Highlights & Insights¶
- Analytical findings on "privacy neurons": Privacy encoding is sparse (~10%) and highly inconsistent across samples—this finding itself provides a new perspective for understanding internal representations of LVLMs.
- Precision of gradient gating vs. full-parameter editing: Editing only 10% of the dimensions achieves safety improvements while maintaining general capabilities, embodying the principle of "minimal necessary intervention".
- Ingenious design of PrivacyPair: Creating pairs by replacing only a single attribute word allows the analysis to precisely locate privacy signals rather than syntactic differences.
- Transferable paradigm: The paradigm of consistent neuron localization \(\rightarrow\) precise editing can be applied to other safety objectives (such as debiasing and preventing toxic output).
Limitations & Future Work¶
- Requires constructing PrivacyPair data for each privacy subject—scaling to new privacy types demands manual design.
- Only validated on 7B models—the distribution of privacy neurons in larger models (13B/70B) might differ.
- Cross-architecture and cross-task universality of the 30% threshold remains unverified.
- Assumes privacy signals are encoded within the FFN—privacy signals in attention layers are not considered.
- Only addresses the privacy risk of "sensitive information extraction"—other privacy attack paradigms (e.g., membership inference) are not covered.
Related Work & Insights¶
- vs. DINM: DINM edits FFN parameters to reduce toxicity. It has strong Safety but its generalization is lower than Neural Gate (0.7522 vs. 0.8440 on MLLMGuard).
- vs.
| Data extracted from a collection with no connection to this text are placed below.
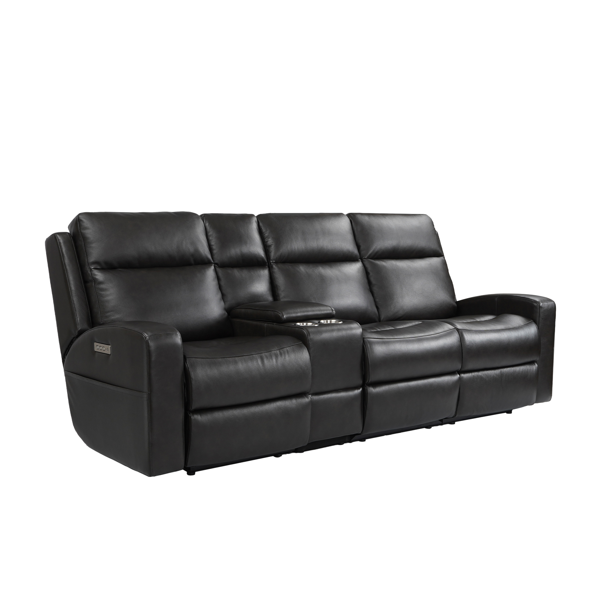Caleb Triple Power Sofa With Console | Top Grain Leather | Lumbar Support | Adjustable Headrest | Storage Side Pocket | USB & Type C Charger Port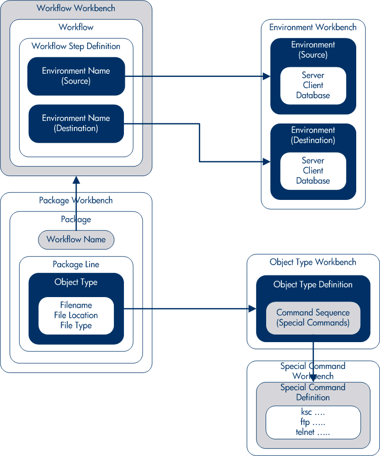 In Figure 2-3. How a package comes together , the package displayed in the Package Workbench is associated with a workflow in the Workflow Workbench. The migration workflow steps are configured with source and destination environments. You access and configure environments using the Environment Workbench.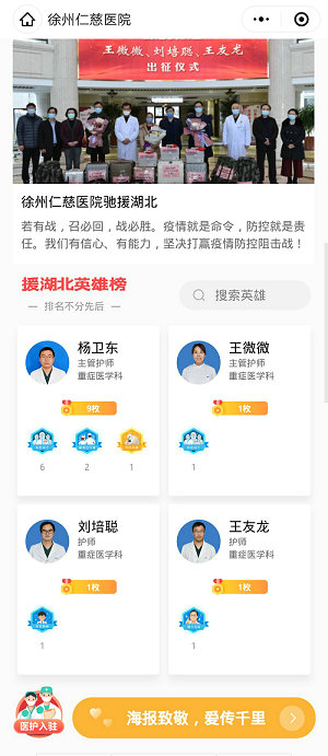 活动将为每个省,每个医院,每个队员设立独立的小程序卡片,目前江苏省援湖北医疗队队员及队员所属医院已经入驻平台,大家可以扫码或在微信小程序搜索蝴蝶健康进入主页认识英雄,了解英雄,为英雄们加油打气,与英雄们互动交流。

SKU (Knowledge Unlearning): Gradient ascent globally perturbs the distribution, severely damaging Utility (MemFlex Utility is only 0.2649).
- vs. MEMIT/AlphaEdit: Non-gradient editing methods fail on paired privacy structures, as there are two opposing editing directions for the same subject.
- Offers direct reference value for researchers working on LVLM safety alignment and model editing.
Rating¶
- Novelty: ⭐⭐⭐⭐ The combination of privacy neuron analysis and gradient gating is innovative.
- Experimental Thoroughness: ⭐⭐⭐⭐ 2 models, 6 benchmarks, detailed ablations and analyses.
- Writing Quality: ⭐⭐⭐⭐ Neuron analysis charts are rich and clear.
- Value: ⭐⭐⭐⭐ A practical solution for LVLM privacy protection, with analytical findings holding independent value.